O velho senhor pareceu desconfiar um pouco de mim, me observou franzindo o cenho enquanto dizia:

— Porque não liga para ele? - o senhor piscava lentamente como que aguardando qualquer vacilo meu e eu pude sentir as minhas mãos suando.

— Ele não sabe que estou aqui, é uma surpresa. - Ele assentiu e retirou um pequeno molho de chaves do bolso.

— Sabe eu sou o síndico desse prédio e o seu amigo é a pessoa mais quieta que conheci, muito simpático, mas, sempre sozinho.

Escolheu a chave e a colocou na fechadura. –  Naquela idade namorava várias garotas e nunca vi ele com nenhuma, mas, quando uma vez fui resolver um vazamento em sua casa...- abriu a porta principal do prédio e entramos no primeiro andar, o velho homem fechou a porta e se virou para mim me encarando. – Eu vi uma foto sua.- arregalei um pouco os olhos e ele sorriu.- Vocês estavam mais novos e ele estava mais feliz do que eu o vi nesses últimos quatro anos.- Dei um sorriso nervoso e o senhor abriu a porta de seu apartamento que ficava de frente para a saída do prédio, entrou no mesmo e antes de fechar a porta disse: - Ele mora no 26b no segundo andar. Boa sorte.
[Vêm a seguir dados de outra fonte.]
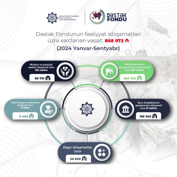 Məişət şəraitinin yaxşılaşdırılması istiqaməti üzrə - 230 nəfərə 559 min 730 manat;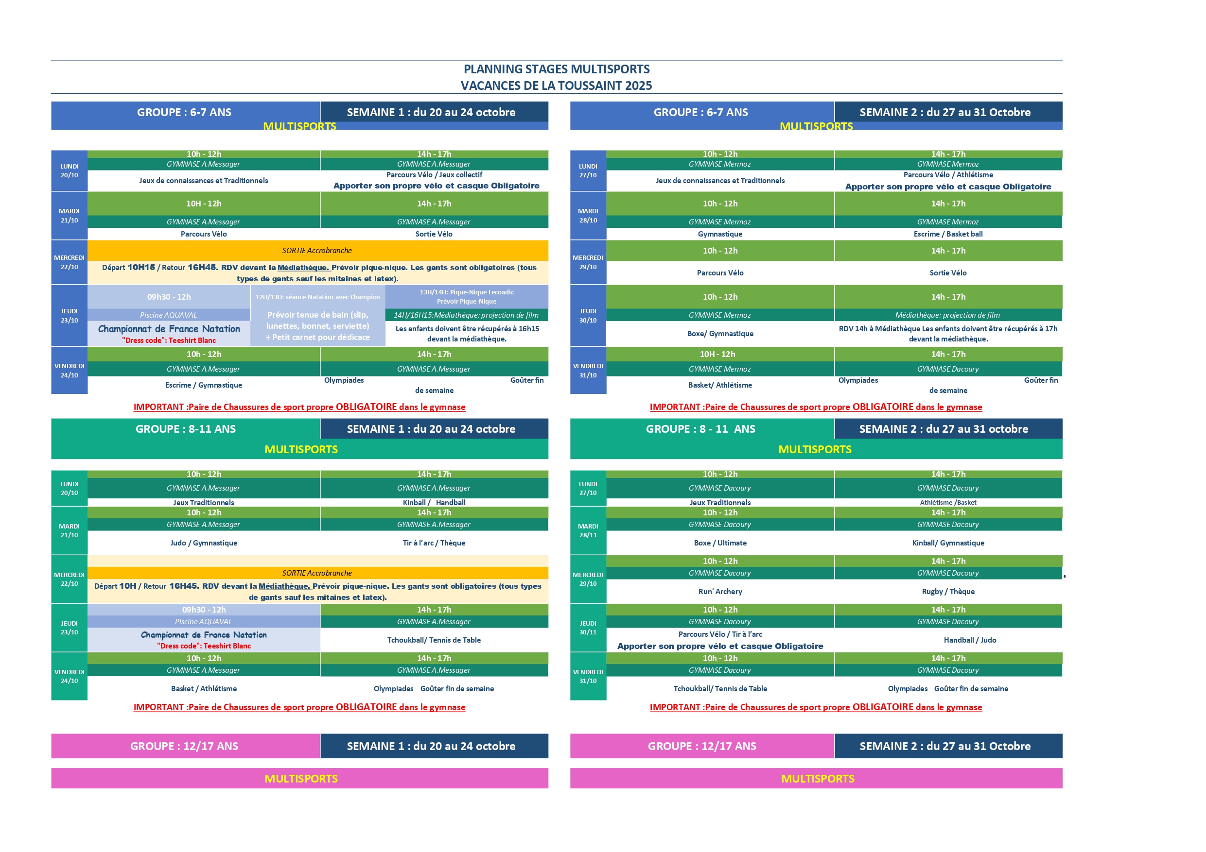 Vous trouverez ci-joint le planning modifié des activités proposées par l'EMS pendant les stages multisport de la Toussaint.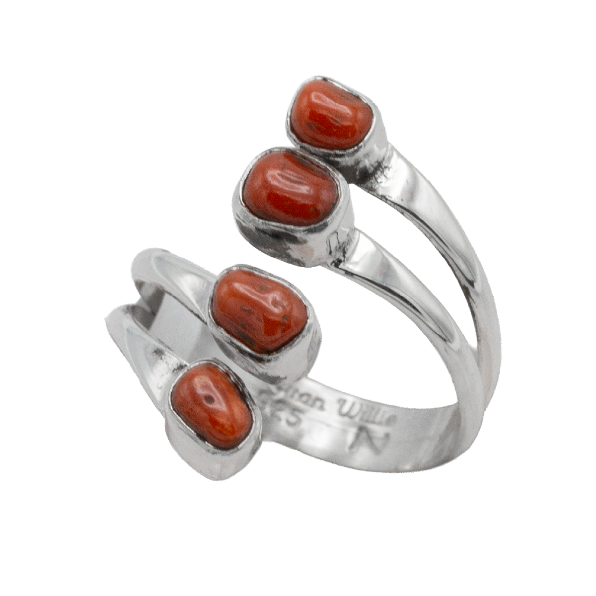 Multi-stone Coral Wrap Ring; size 8-1/2, slightly adjustable.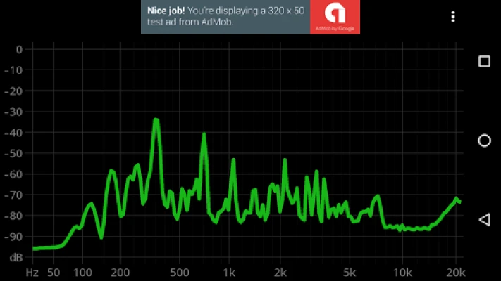 This real-time spectrum analyzer (RTA) / audio visualizer features: - 176 high-quality frequency bands [20Hz to 22kHz] - Logarithmic frequency scale to match human perception - Low latency for high responsiveness - High frame rate to see smooth frequency and amplitude movements - Low battery drain due to high performance native code - Fast graphics using OpenGL ES 2.0 - FFT window size 4096 @ 60 frames per second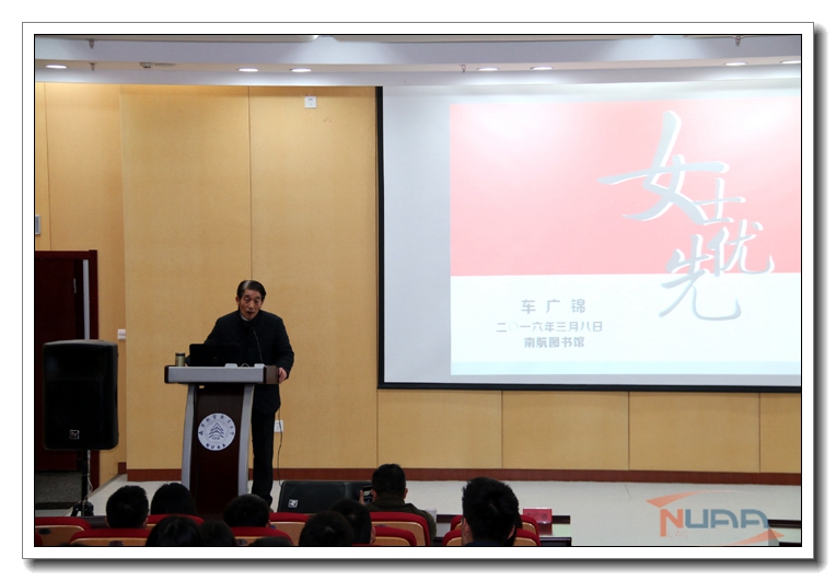 3月8日国际妇女节下午,由图书馆主办的以“女士优先——男性的礼仪与风度”为主题的“南航达人说”活动在将军路校区图书馆一楼报告厅火热举行。本期主讲达人为我校人文与社会科学学院车广锦教授。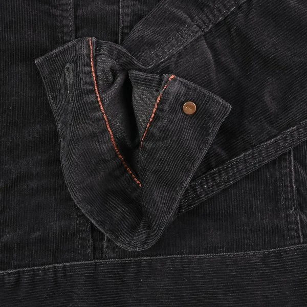 Our interpretation of a Type III, modified with a slightly longer body than the original Levi’s version and with the addition of side pockets. Made in 14 wale black corduroy. If you don’t want to sport a Texas Tuxedo, here’s the ideal jacket to team with your jeans.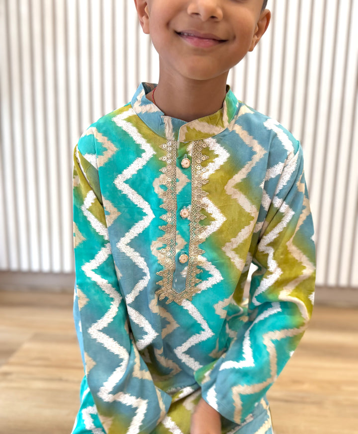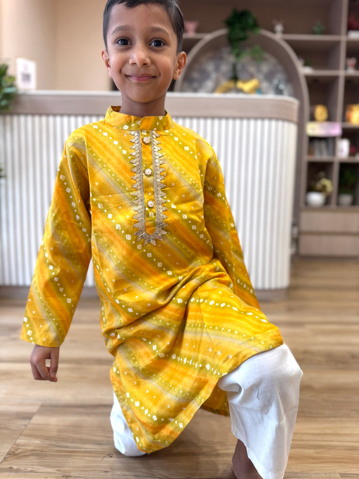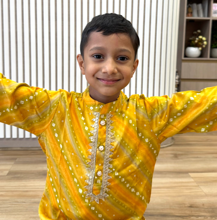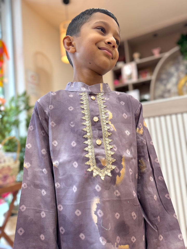 The luxurious sheen and texture of silk elevate the outfit, making it a popular choice for creating a regal and sophisticated look. This elegant traditional outfit, perfect for festive occasions, weddings, and other formal events. Smart Ethnic wear for your little boys.
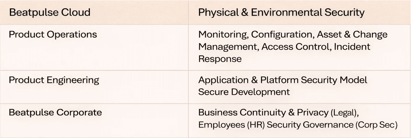 Corporate security controls are inherited across BeatpulseLabs, while functional areas (such as engineering and operations) are responsible for specific security control families, as seen in figure 1 below. The security of BeatpulseLabs products and services is overseen by the Chief Information Security Officer (CISO)- Products, who leads BeatpulseLabs's Software Security & Privacy team. This team is embedded within product operations and engineering, providing security guidance and validation while fostering a security & privacy champion program across the broad spectrum of product teams to help further embed security and privacy across BeatpulseLabs products.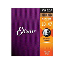 Elixir® Strings Acoustic Phosphor Bronze with NANOWEB®Coating deliver distinctive phosphor bronze warmth and sparkle together with extended tone life.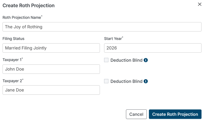 In the subsequent window, title the projection and indicate filing status, start year, assign client(s) as Tax Payer 1 and Tax Payer 2, and indicate if they are eligible for the additional standard deduction for blind taxpayers, as seen below. Then click the "Create Roth Projection" button.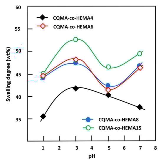 The swelling behavior of any hydrogel is an important key which controls the amount and transfer of drug released from a drug carrier system to a target external medium. The mechanism of the swelling of a polymer gel in a liquid medium mainly involves two important factors, which are the affinity of the polymer–solvent type and the diffusion dynamics of the absorbate in the absorbent material. The affinity of the polymer with respect to the absorbate is governed, mainly, by the difference between their solubility parameters. On the other hand, the diffusion dynamics of the molecules of the absorbate in the absorbent polymer matrix are controlled by various parameters such as the degree of the crosslinking of the polymer [33,34], the temperature [35,36] and the pH of the medium in which the drug is to be released [37,38]. In this work, the swelling degree at the equilibrium (S) of CQMA-co-HEMA films was calculated at different pH media from Equation (3) and the results obtained are plotted in Figure 11.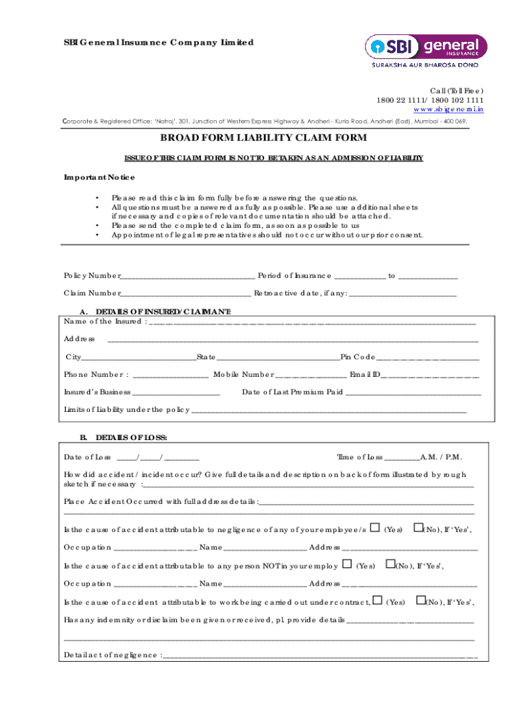 Get the free Broad Form Liability Claim Form

A porta do velho senhor se fechou e eu encarei a escada que ficava ao meu lado, subi lentamente respirando fundo para me acalmar tentando colocar os prós de ver Ulisses e não os contras em minha cabeça. Por que guardar uma foto minha? Eu me lembrava perfeitamente do dia em que tiramos a foto e no fundo talvez sabia o motivo.

Quando o lance de escadas terminou eu estava em um grande corredor, olhei para o apartamento no fim dele e na porta marrom o 26b se destacava em um tom verde. Dei alguns passos lentos em direção a porta e quando atingi a metade do corredor a porta do apartamento dele se abriu.

Um homem de calça jeans azul escuro e suéter saiu. Era Ulisses. Olhava para baixo em direção a maçaneta e não me viu no corredor, trancou a porta rapidamente de costas para mim e logo após isso se virou e começou a andar, porém, parou assustado quando me viu.

Os olhos escuros se arregalaram por baixo dos óculos redondos de grau e seu corpo estava imóvel no corredor assim como o meu, minhas mãos estavam juntas em frente ao meu corpo e mais suadas que o normal. Eu conseguia sentir o meu coração palpitando e em minha cabeça as lembranças passaram como um turbilhão. Ninguém disse nada, apenas ficamos parados observado um ao outro e o que tinha mudado. Ulisses estava mais forte e os cabelos negros estavam jogados para o lado como sempre. Quando ia abrir a boca para falar ele arqueou a sobrancelha assim como Cezar fazia o que me atingiu como uma facada. Olhei para minha mão esquerda onde o anel de noivado estava e percebi que ver Ulisses tinha sido uma má ideia. Lembrei das palavras de Cezar e meus olhos começaram a marejar.

— Me desculpe, isso foi uma má ideia. - antes de começar a chorar me virei e corri em direção a saída.